Neural network Google Translate has made a single database of meanings of human words
The “universal language” of the Google Neural Machine Translation Neural Network (GNMT).In the left illustration, different colors show clusters of the meanings of each word, on the lower right - the meanings of the word obtained for it from different human languages: English, Korean and Japanese.
Over the past ten years, Google Translate has grown from several languages to 103, and now it translates 140 billion words a day. In September, it was reported that the developers decided to fully translate the Google Translate service into in-depth training. There are many advantages to this approach. Translation is getting much better. Moreover, the system can translate texts into languages for which I have never seen translations, that is, I did not study specifically for this language pair. The Google neural network for machine translation is called Google Neural Machine Translation (GNMT) . From the very beginning to the end, the translation of the text now fully performs the neural network. Traditionally, AI has been used on Google Translate in limited mode, for some supporting tasks. For example, to compare texts available in several languages, such as official documents of the United Nations or the European Parliament. In this mode, the translation of each word in the texts was compared.
NMTS neural network works on a fundamentally new level. It not only analyzes the existing translation options in the learning process, but also performs intellectual analysis of the sentences, breaking them up into “vocabulary segments”. In a certain representation within the network, these “vocabulary segments” correspond to the meanings of words . ')
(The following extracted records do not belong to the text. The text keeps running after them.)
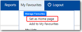 To set a screen as Home page: 1. Open a screen that you wish to use as the Home page. 2. From the My Favourites menu, select Set as Home page. The page will now be displayed as the first screen you see when you log into BASSnet HR Manager. Note: To revert the Home page back to the original HRM Main Page, open the Home menu and select Main Page. Then repeat the steps above to set it as Home page. |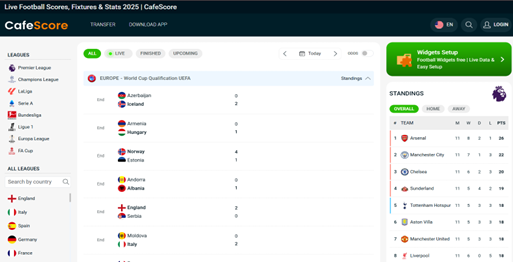 อินเทอร์เฟซหน้าแรกของ Cafescore - แพลตฟอร์มที่แฟนฟุตบอลสามารถเข้าถึงสถิติแบบเรียลไทม์ทั้งหมดได้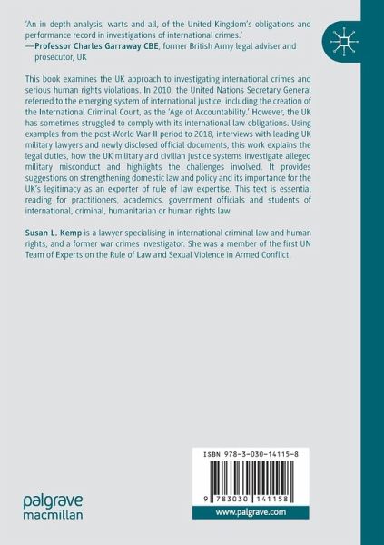 This book examines the UK approach to investigating international crimes and serious human rights violations. In 2010, the United Nations Secretary General referred to the emerging system of international justice, including the creation of the International Criminal Court, as the 'Age of Accountability.' However, the UK has sometimes struggled to comply with its international law obligations. Using examples from the post-World War II period to 2018, interviews with leading UK military lawyers and newly disclosed official documents, this work explains the legal duties, how the UK military and civilian justice systems investigate alleged military misconduct and highlights the challenges involved. It provides suggestions on strengthening domestic law and policy and its importance for the UK's legitimacy as an exporter of rule of law expertise. This text is essential reading for practitioners, academics, government officials and students of international, criminal, humanitarian orhuman rights law.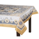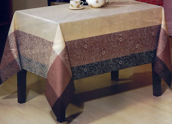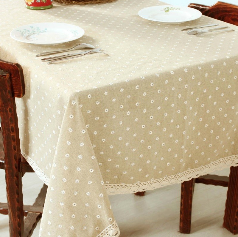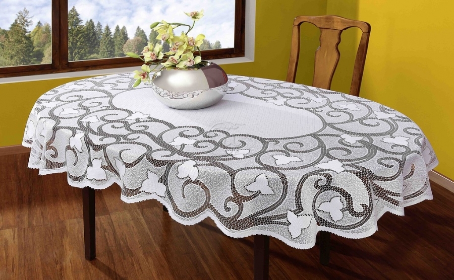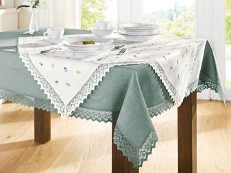 - Baumwolle - dieses Produkt ist für den Einsatz bei jeder Feier gedacht. Die Tischdecke hat ein attraktives Aussehen mit Dekorationen in Form von verschiedenen Stickereien und Mustern.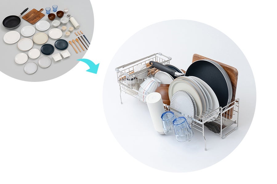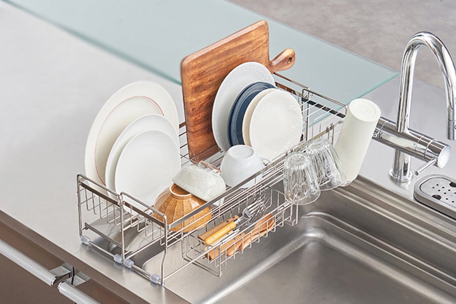 家族4人分の食器と調理器具も収納できる、大容量の水切りディッシュラック。洗い物が少ない時は縮めて超スリムになり、シンクを広々使えます。カトラリーやグラスを置ける専用の付属品付き。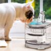 The fountain’s design encourages pets to drink more water by offering a flowing stream, mimicking a natural water source. The flowing water also inhibits bacterial growth, maintaining water freshness for longer periods.

GNMT (Google's Neural Machine Translation) architecture model.Encoder network on the left, decoder on the right, attention module in the middle.The bottom layer of the encoder is two-sided: the pink modules collect information from left to right, and the green ones - in the opposite direction
This internal representation within the network is in some way the universal language of humanity. Unfortunately, people will not be able to speak this universal language. It is a machine code with which work is performed at the internal intermediate level of the neural network. It is an intermediary machine language between any language pairs of all human languages supported by the system. Nevertheless, the existence of such a universal base of meanings, which unites all the languages of the world, will impress any linguist. Generally speaking, the development of such a base with all the connotations , a thorough description of all possible meanings of each word, is like a Grail in linguistics. We dreamed about it for decades. Thanks to Google's neural network, this dream is gradually being realized. The neural network already has a de facto base of meaning inside the “black box”, with an indication of the possible meanings of each word. The only problem is that so far only she herself can work with this base, this neural network. For human understanding the base of meanings in machine codes is inaccessible just like that, it requires special processing.
New GNMT universal architecture that translates any language pairs.
What is most interesting, thanks to the universal base of meanings of all human words, the neural network of translation can work even for those language pairs on which it was not trained. Take an example on animation. The system is trained for language pairs "Japanese-English" and "Korean-English." After that, the neural network will also be able to translate the Japanese-Korean language pair through a universal base of meanings, although it did not train on it.
Some examples of mixing target languages in a multilingual model.
The journalists immediately seized upon this topic and called the service system with the base of meanings “the new universal language of mankind”. For example, the well-known Russian marketer Andrei Sebrant writes : “The representation of meanings in a universal form, not tied to a specific existing language, is, in fact, the creation of a new universal language. That's just not the fact that accessible to man. "
Indeed, the “new universal language” - it sounds very beautiful and mysterious. Although in reality it is just a single multidimensional space, compiled using the t-SNE technique , that is, using a non-linear dimension reduction and visualization of multidimensional variables (t-distributed stochastic and neighbor embedding).
Visualization of multidimensional data space in a neural network
If we talk about the practical use of the neural network, then independent experts admit that Google’s development shows a “stunning” result and clearly demonstrates that neural translation with the help of AI can far surpass the classical methods of machine translation in quality. Google's neural network clearly improves translation quality in many ways.
The authors of the new scientific work add that the universal architecture, which translates any language pairs, in reality shows a higher efficiency than the neural network, trained in only one language pair. For some reason, knowledge of foreign languages helps neural networks to better translate from this particular language.
At the intuitive level, this effect is clear: a person also begins to better understand a foreign language, if he knows other languages of the same group. In this way, he expands the space of meanings in his brain. He is aware of the meanings with which not a single word in his native language corresponds.
The new method of universal translation, called the developers "Zero-Shot Translation", does not require any changes in the architecture of the neural network Google Neural Machine Translation.
The scientific work describing the Neural Machine Translation System multilingual machine translation system based on the neural network authorship by Melvin Johnson, Maxim Krikun and other Google employees was published on November 14, 2016 in open access.